В конечном счете «Колено Ахед» — это действительно фильм о безумии, вернее о том, как власть, занимая всё пространство политического, подчиняет и невротизирует психическое, подавляет человека, подталкивая к границе помешательства. Французский философ Жак Рансьер в своей книге «Несогласие» называет такое искажение политического «полицией», которую он объясняет как «порядок тел, определяющий разделение между способами быть, делать и говорить, согласно которому такие-то тела приписываются своими именами к такому-то месту и такому-то заданию; это порядок видимого и внятного, согласно которому одна деятельность видима, а другая нет, одни слова воспринимаются как речь, а другие как шум». 

В отличие от политики, которая базируется на изначальном конфликте, несогласии, лежащем в основании общественной жизни, полиция — это форма властного упорядочивания, сведения этого фундаментального несогласия к видимому консенсусу. 

Люди разные, и это изначальное несогласие проявляется, «когда один из собеседников сразу и понимает, и не понимает, что говорит другой». Политика создает возможность для равного диалога в поиске согласия, полиция же упорядочивает общество путем контроля и дисциплинирования.
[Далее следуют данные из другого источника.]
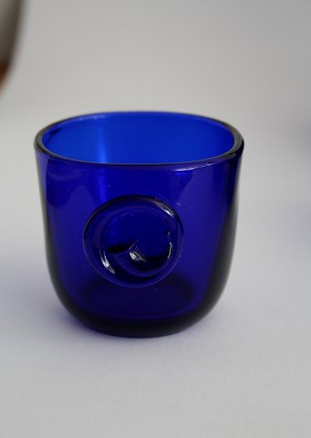 Bæger koboltblå med horn motiv. Højde 5,5 cm. Pris: 50 kr. stk. Lager: 10
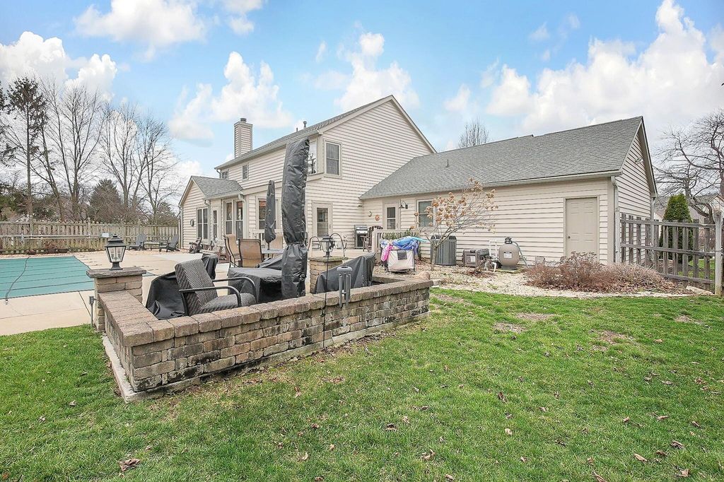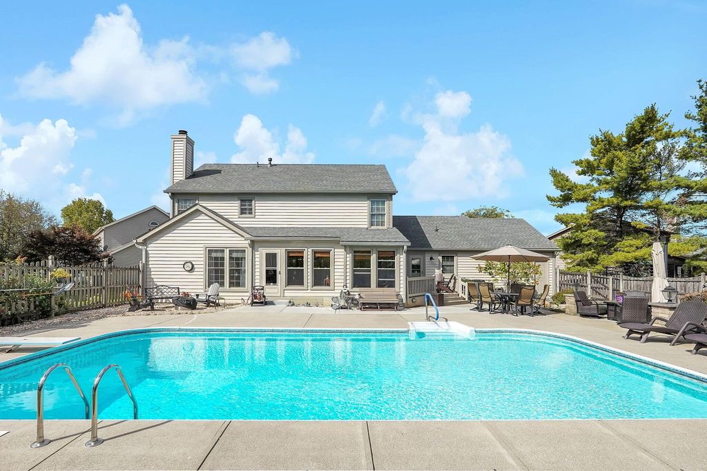 This pristine home in Windsor Bay has been beautifully maintained by owner for 30 years. Welcome to the perfect balance of style, space and quality. Enter through the front foyer to a fully remodeled chef's kitchen featuring solid wood cabinets, double oven, SS appliances, island, pantry and eating area. The Kitchen flows into a spacious great room showcasing an attractively white-tiled gas fireplace. First floor continues with den/office and a formal dining room, which may be used as additional den/office or playroom. Second floor features 4 bedrooms and 2 baths. Renovated owner's suite with ensuite bathroom featuring white cabinets, dual sinks, soaking tub, tile shower, quartz countertops, updated lighting fixtures and plenty of natural light. Full bath on 2nd floor also updated with white vanities, granite counter tops and modern lighting fixtures. Finished lower level offers additional living space or fitness area, with a half bath. Freshly painted rooms in warm neutral colors. All on a secluded cul-de sac, 1/3 ac. lot and 3 car garage. Access the large season room off the kitchen and view the gorgeous professionally landscaped backyard. Your backyard oasis is complete with heated swimming pool, extensive concrete patio, lush green space, and a fully enclosed fence. ENJOY SUMMER IN YOUR NEW HOME! New roof in 2024.

Не будет большим преувеличением сказать, что все фильмы Надава Лапида выстаиваются в один метафильм. И этот метафильм вовсе не про Израиль и Палестину, терроризм и идентичность, а про человека, который стремится обнаружить фундаментальное несогласие, утвердить свой голос, сопротивляющийся полицейскому упорядочиванию. Лапид фактически говорит от своего лица, резко и прямо, и рассказывает свою историю. Драматическое повествование разворачивается в пространстве душевных переживаний самого автора. Это помогает выстроить необходимую оптику для откровенного разговора о том, как дисциплинарные практики, нормы, законы, израильский милитаризм или французская политика натурализации, подавляют и подчиняют голос человека, сводя того к форме исчислимого индивида. Подавляют его самого как художника. Метафильм Лапида — это отчаянный крик с баррикад человека, сопротивляющегося безличной полиции.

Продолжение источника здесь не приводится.